*GIVEN MATERIAL*:

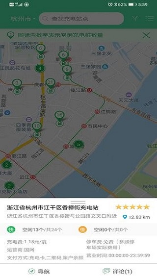 2、基于地理位置智能推荐3个最近充电站点,支持一键导航;
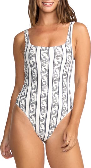 Seek out the surf in this flirty one-piece swimsuit with skimpy back coverage and a wavy pattern.
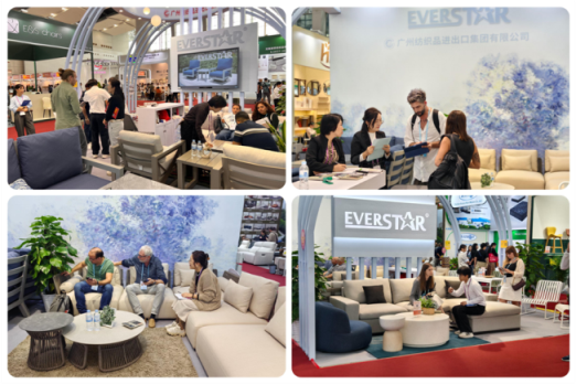 户外家具携自主品牌“EVERSTAR”最新研发设计的产品亮相展会,精准传递“真诚、创新、利他、共享”核心价值观,聚焦户外空间与家居生活深度融合,以“轻生活、更健康”为品牌主张,展现差异化参展定位,吸引全球客商关注。本届展会,户外家具展位再度成功入围“第138届广交会绿美展位”评选活动。
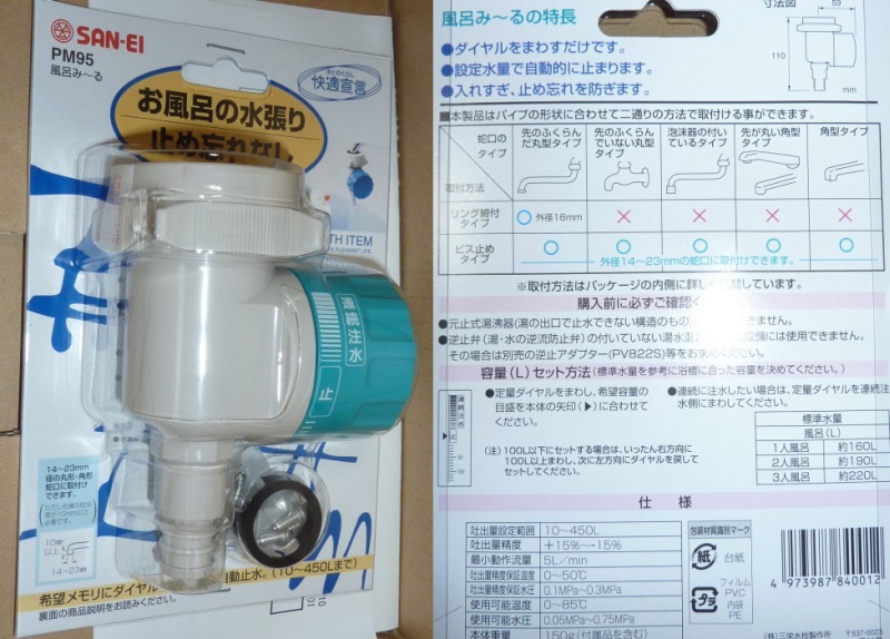 最近の出来事ですが、お風呂の給湯を自動的に止める蛇口に取り付ける器具「風呂みーる

*AIM OF THE EXERCISE*: Pictures aside, reproduce exactly the lines from the one containing "Seek out the" to the end of the listing above, both ends included.

*EXPECTED ANSWER*:
 Seek out the surf in this flirty one-piece swimsuit with skimpy back coverage and a wavy pattern.
 户外家具携自主品牌“EVERSTAR”最新研发设计的产品亮相展会,精准传递“真诚、创新、利他、共享”核心价值观,聚焦户外空间与家居生活深度融合,以“轻生活、更健康”为品牌主张,展现差异化参展定位,吸引全球客商关注。本届展会,户外家具展位再度成功入围“第138届广交会绿美展位”评选活动。
 最近の出来事ですが、お風呂の給湯を自動的に止める蛇口に取り付ける器具「風呂みーる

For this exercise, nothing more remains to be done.